• Try it: For every record that follows, write out the text exactly and omit the picture, if one is present.
═════ Supplied material ═════
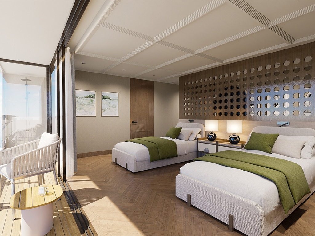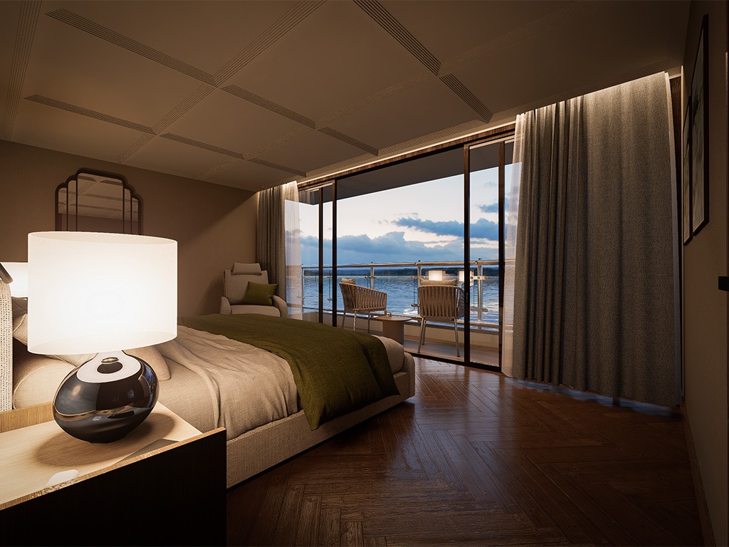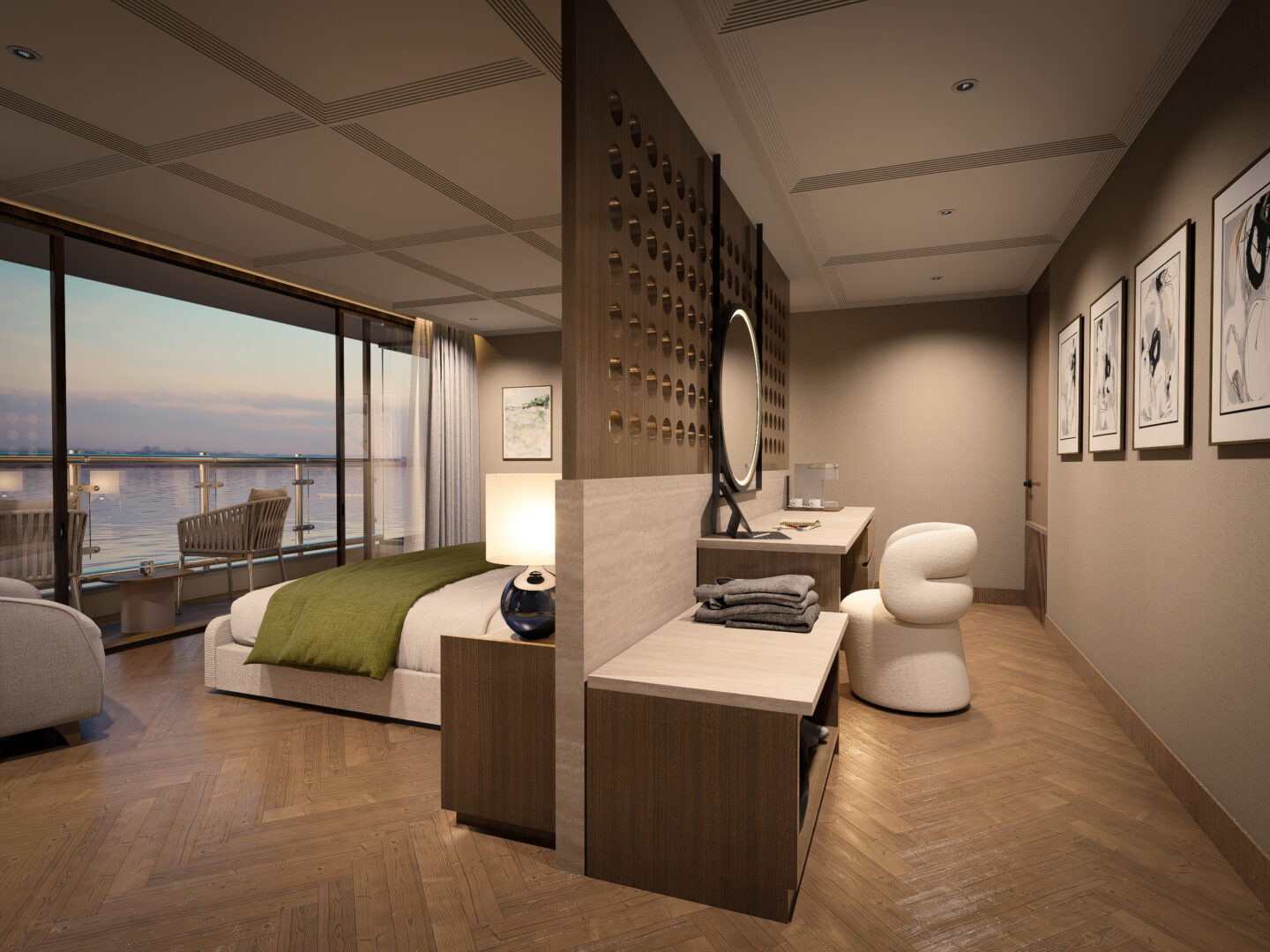 • All suites have private bathrooms, private balconies, individual climate controls and ample storage space for clothing and luggage.
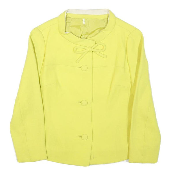 Womens Yellow Wool Blend Button Jacket XS Plain Classic Fit Bow Detail
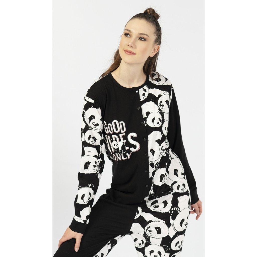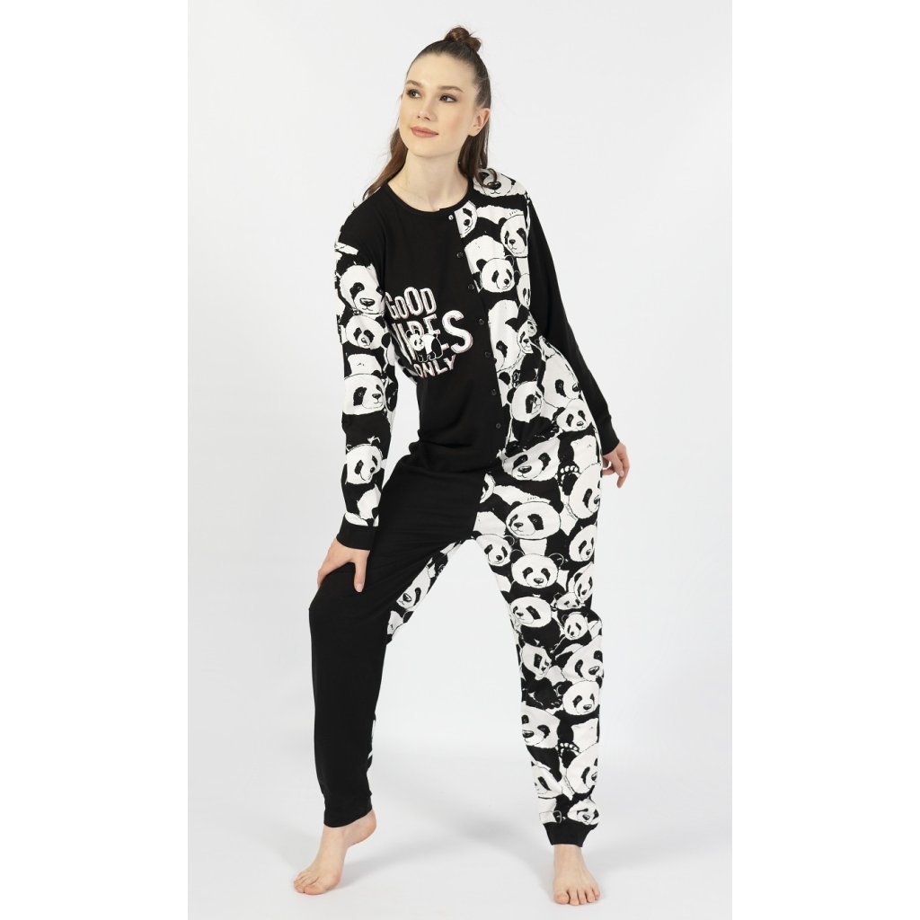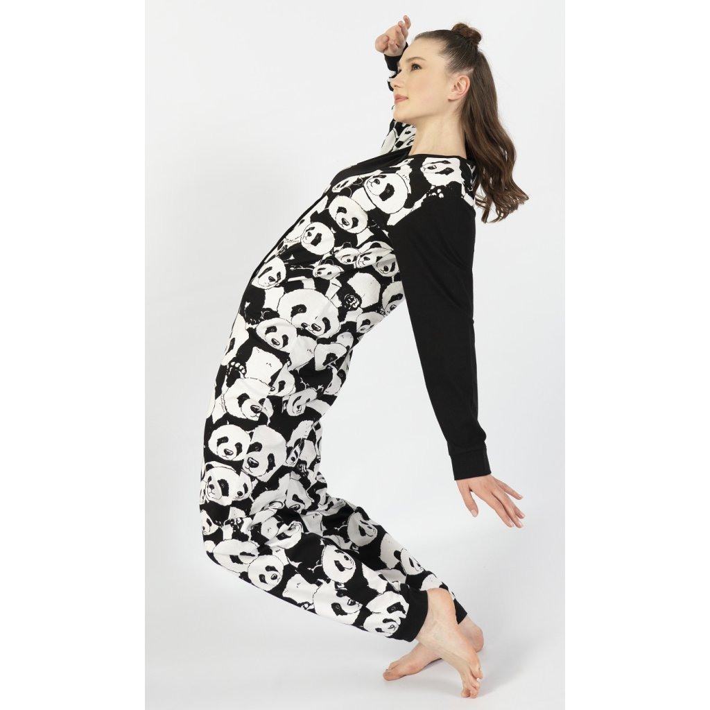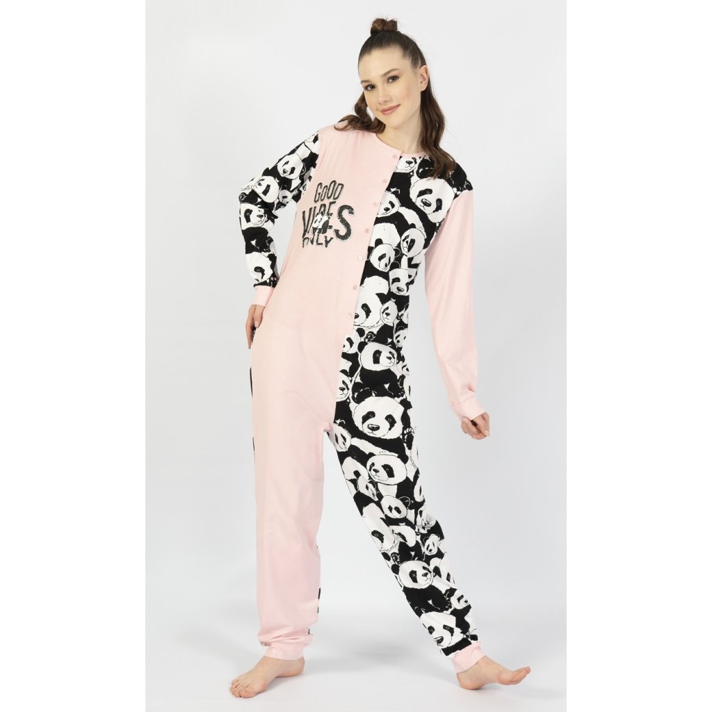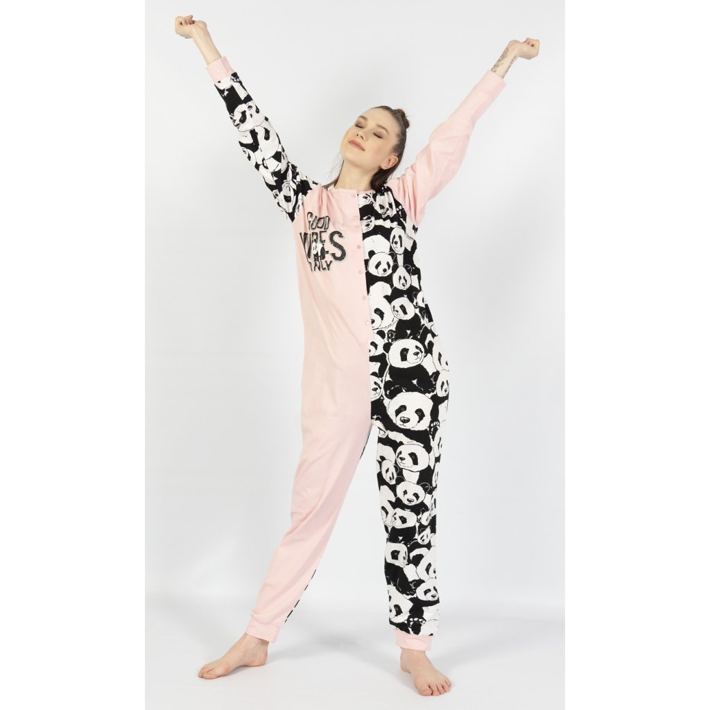 Dámsky bavlnený overal Dobré vibrácie. Kombinéza je celá podšitá - jednu stranu zdobí obrázok pandy a nápis "Good vibes only", druhú stranu celoplošná potlač pandy. Dlhé nohavice sú zakončené elastickými lemami. Bavlnený materiál je pružný a príjemný na dotyk.
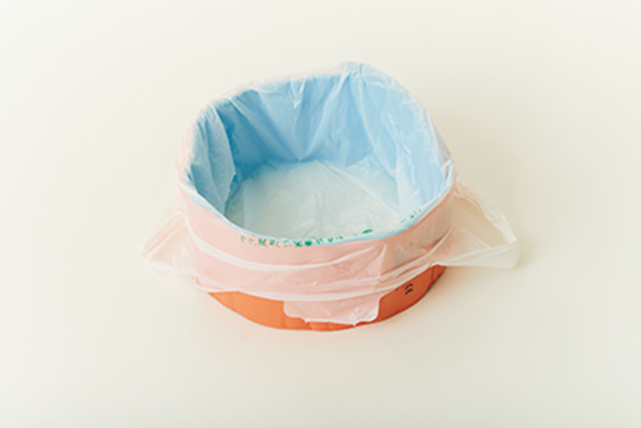 円の形にしたサムスプリントの上にビニール袋を被せれば、簡易バケツを作ることができる。トイレにもなるし、突然の嘔吐にも対応可能だ。
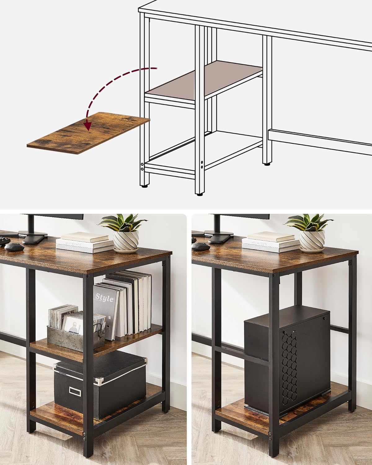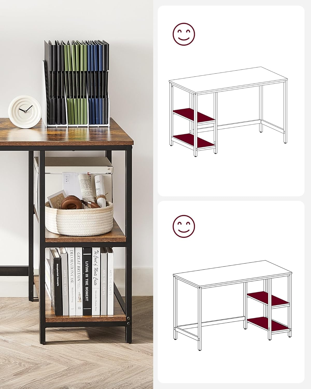 VASAGLE Birou cu 2 rafturi stanga sau dreapta, stil industrial, 60x140x76 cm, maro rustic
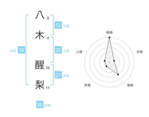 八木 醒梨さんを姓名の画数から五運を鑑定
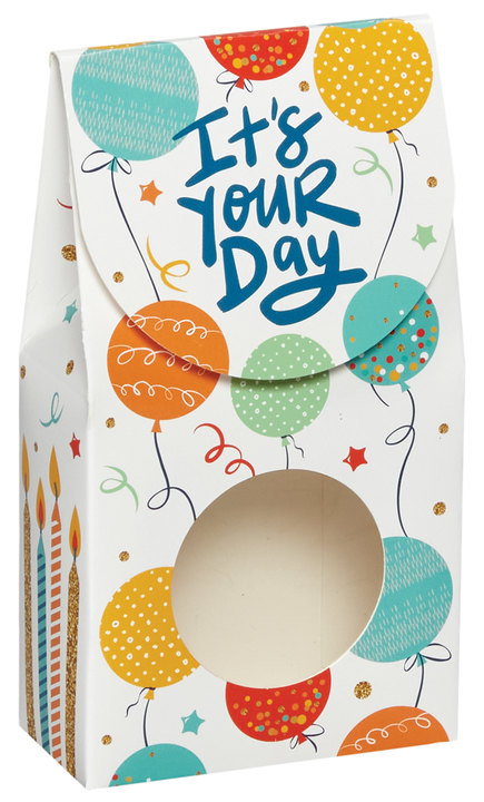 Gourmet gift boxes are great to use for gift and gourmet food packaging, party favors and grab n go gifts. These boxes have a Velcro lid closure, clear acetate window, gloss finish and hold up to 1 pound of product. Boxes comes packed in 6's and are shipped flat.
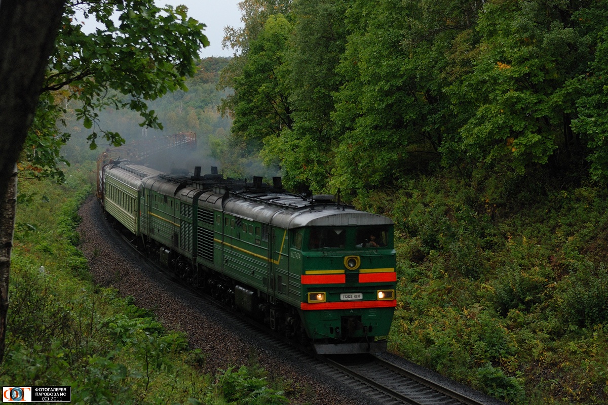 | "Заповедная вэшка". Тепловоз 2ТЭ10В-4818 с хозяйственным поездом, перегон Вандан - Форель, линия Волочаевка - Комсомольск-на-Амуре, Хабаровский край Автор: Баландин Д. | Фото сделано 15.IX.2011, опубликовано 18.XI.2011.
═════
• Reply:
 • All suites have private bathrooms, private balconies, individual climate controls and ample storage space for clothing and luggage.
 Womens Yellow Wool Blend Button Jacket XS Plain Classic Fit Bow Detail
 Dámsky bavlnený overal Dobré vibrácie. Kombinéza je celá podšitá - jednu stranu zdobí obrázok pandy a nápis "Good vibes only", druhú stranu celoplošná potlač pandy. Dlhé nohavice sú zakončené elastickými lemami. Bavlnený materiál je pružný a príjemný na dotyk.
 円の形にしたサムスプリントの上にビニール袋を被せれば、簡易バケツを作ることができる。トイレにもなるし、突然の嘔吐にも対応可能だ。
 VASAGLE Birou cu 2 rafturi stanga sau dreapta, stil industrial, 60x140x76 cm, maro rustic
 八木 醒梨さんを姓名の画数から五運を鑑定
 Gourmet gift boxes are great to use for gift and gourmet food packaging, party favors and grab n go gifts. These boxes have a Velcro lid closure, clear acetate window, gloss finish and hold up to 1 pound of product. Boxes comes packed in 6's and are shipped flat.
 | "Заповедная вэшка". Тепловоз 2ТЭ10В-4818 с хозяйственным поездом, перегон Вандан - Форель, линия Волочаевка - Комсомольск-на-Амуре, Хабаровский край Автор: Баландин Д. | Фото сделано 15.IX.2011, опубликовано 18.XI.2011.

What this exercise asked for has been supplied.